On the other hand, I see no need at all that a sample drawn with a particular distribution needs to be infinite. A single observation can be "drawn from a distribution."
And if the class of 2005 is the "population", then "normal" is a description which is assumed, or presumed to be close enough for the purposes of some problem.
>can be normally distributed. Normal distribution is a model for >infinite populations. This means that actually we are not looking at a >population but we are looking at a sampling from normal distribution. > >Now the rest of the problem: > >"A random sample of 100 students are taken" from the above so called >population. > >Now we are looking at a sample of a sample.

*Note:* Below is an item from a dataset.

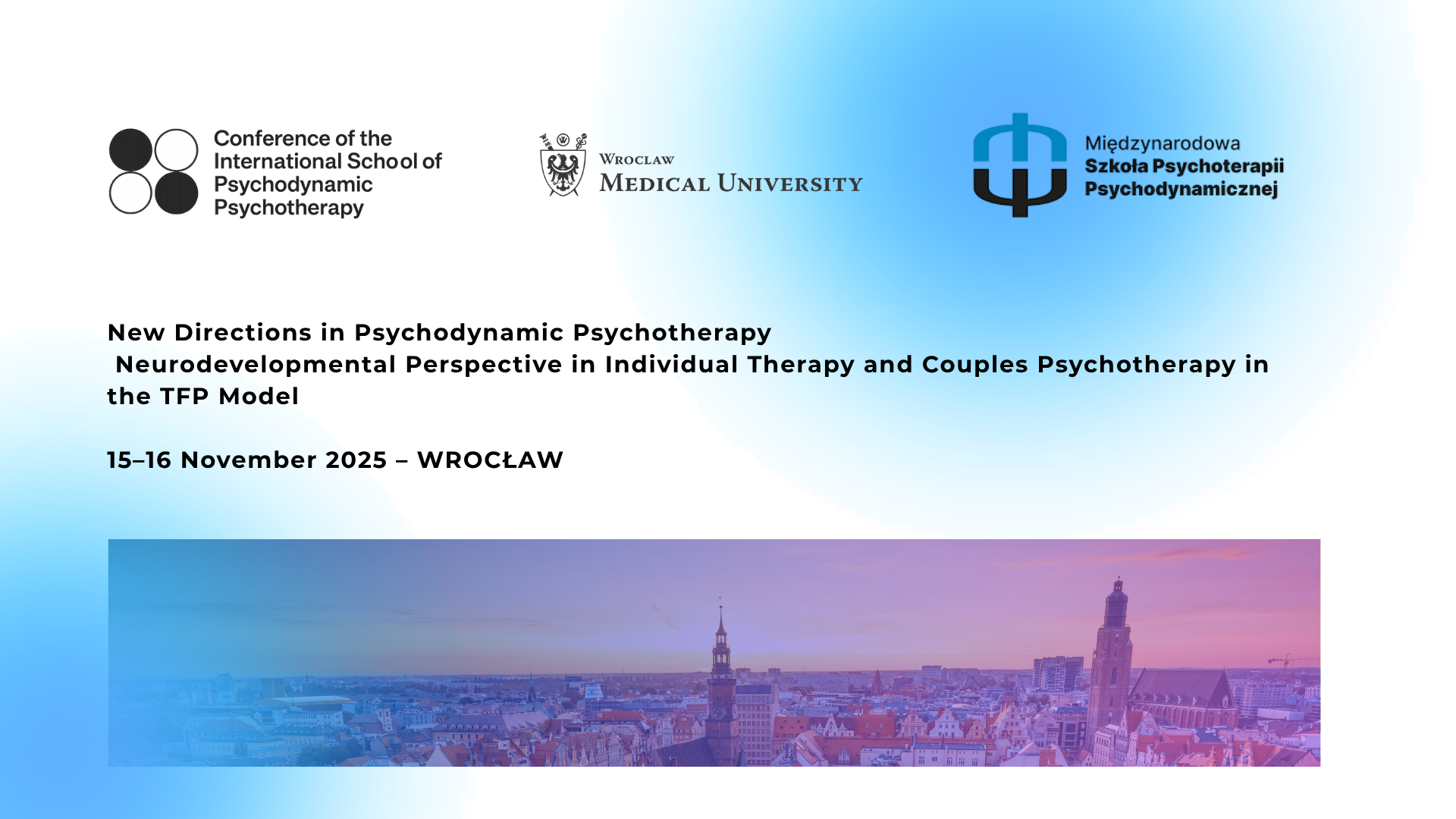 The International School of Psychodynamic Psychotherapy and the Department and Clinic of Psychiatry at Wroclaw Medical University invite you to the conference “New Directions in Psychodynamic Psychotherapy. Neurodevelopmental Perspective in Individual Therapy and Couples Psychotherapy in the TFP Model.”

The terminology of "population" versus "sample" is not particularly illuminating unless one is going to talk about the finite sampling correction, or otherwise make use of the limitation of the total N. This could be a sample from a sample, or a sample from a population.

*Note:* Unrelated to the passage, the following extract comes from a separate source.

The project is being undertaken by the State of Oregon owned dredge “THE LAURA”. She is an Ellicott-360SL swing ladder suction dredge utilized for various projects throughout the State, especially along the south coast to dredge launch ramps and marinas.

> This means that no matter >what you do, you will never find the mean of the normal distribution >(Mu) by repeated sampling. It doesn't matter whether you do it with >replacement or without replacement.

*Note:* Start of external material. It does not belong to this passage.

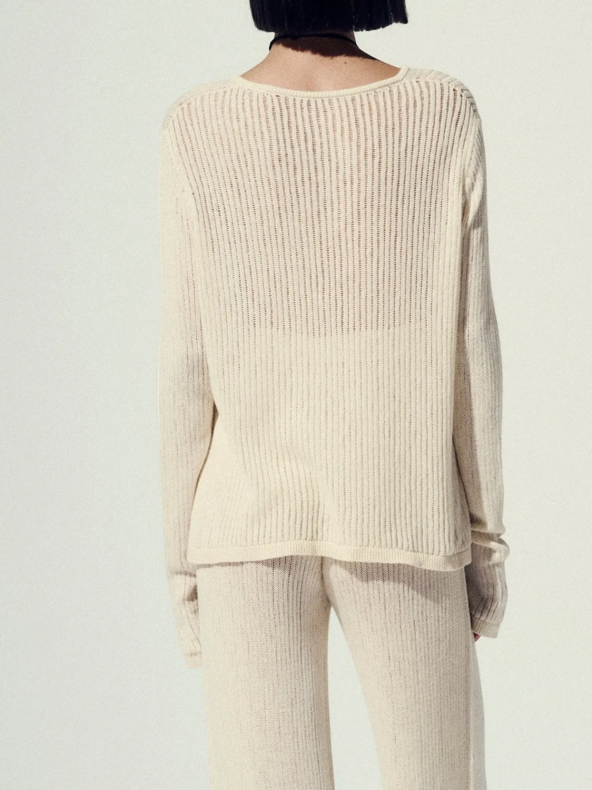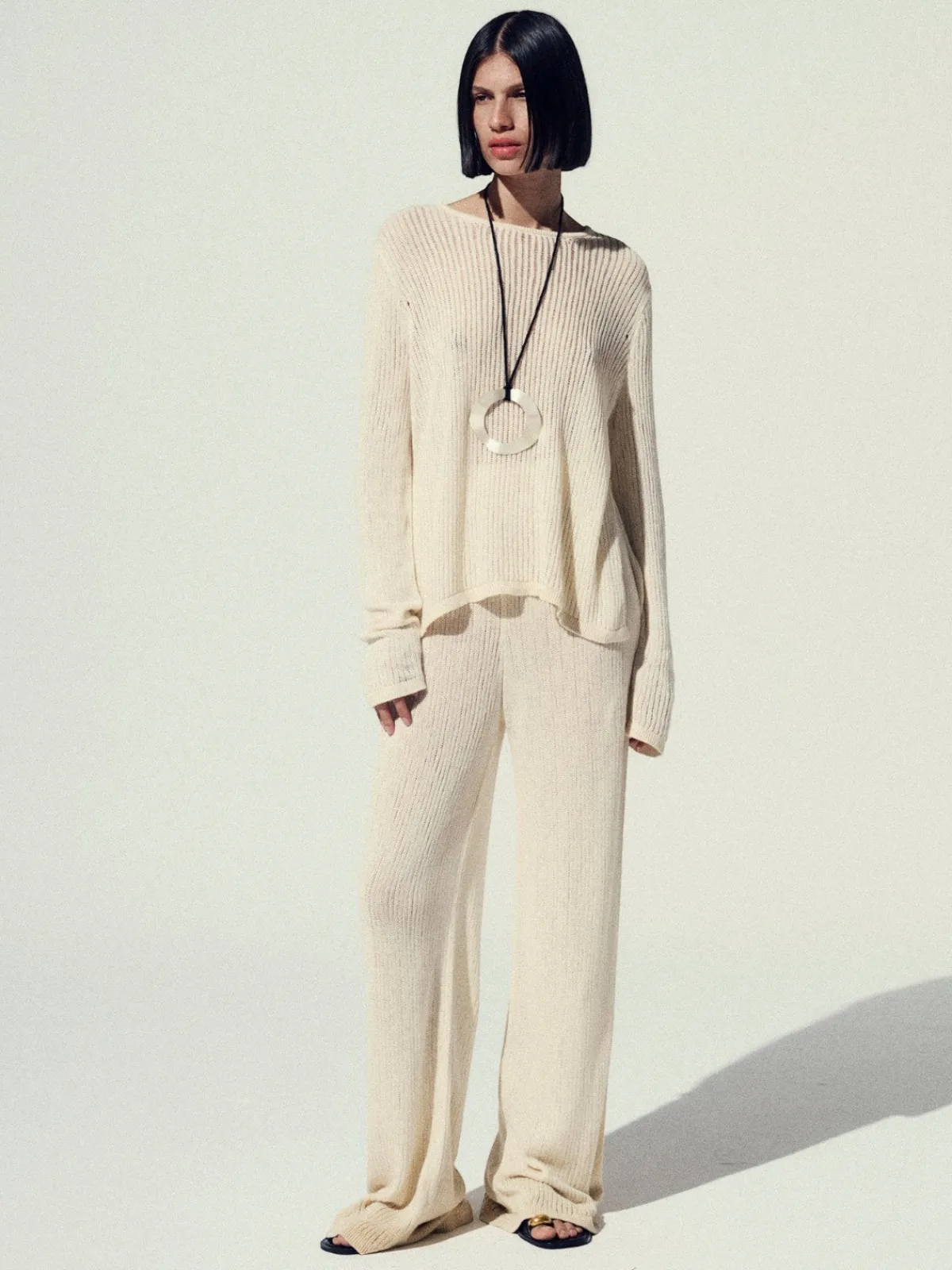 Our ESCVDO Onda Top in Ivory is a long-sleeved, straight-cut piece that exudes understated sophistication. It is adorned with meticulously hand-applied crochet detailing at the neckline, adding a touch of artisanal craftsmanship. The fabric features a unique, semi-transparent stitch with a textured, wave-like pattern, creating an intriguing interplay of depth and light. Pair with the Onda Pants for a matching set. Handcrafted by female artisans in Peru.

So the mean is wrong. It does not pretend to be an estimate with zero error, only with zero bias when the whole procedure is applied many times. As I tried to emphasize in my previous reply, "zero bias" does not say that the estimate has zero variance. For normal, it does not even the least possible variance.
> >You will end up calculating the mean of the population, which will be >slightly or significantly different from Mu depending on how many >students entered UC Davis in year 2005.
Huh? If 2005 *is* the "population", how could "the mean of the population" be "significantly different from Mu"?
> This means that our samples of >100 students will be an unbiased estimate of the population mean but a >biased estimate of Mu.
"'population mean" is Mu, by conventional definition. So, I can't see how you can accept that the samples of 100 are unbiased in estimating one but not the other.
> >This is the difference between sampling with replacement from a finite >population and sampling from an infinite population. It seems to me >that this is a chronical problem in stat texts.
You've lost me for good.
> >I understand that when you have 1000 elements in your population the >difference in the result will be miniscule. Or some could say that it >is just a model and a model is not 100% reflection of real life
By "model", do you refer to the "sample"?
>(that's why it is called a model). However, members of a finite >population can well be generated by a normal random variable, there is >nothing wrong with that. The problem arises when we start calling this >a population and start calculating mean, variance, and confidence >intervals. Here we were trying to capture the essence of the >generating stochastic process (mu, sigma), but we actually ended up >with something else. > >The put the final nail in the coffin, let's look at the last sentence >on that page of lecture notes: > >"Then X1,...,X100 are i.i.d. N(mu, sigma) random variables". This is >just NOT TRUE!
If X1, ..., X100 are individuals sampled, I thought that was the starting point. I don't see it as a conclusion.
 Rich Ulrich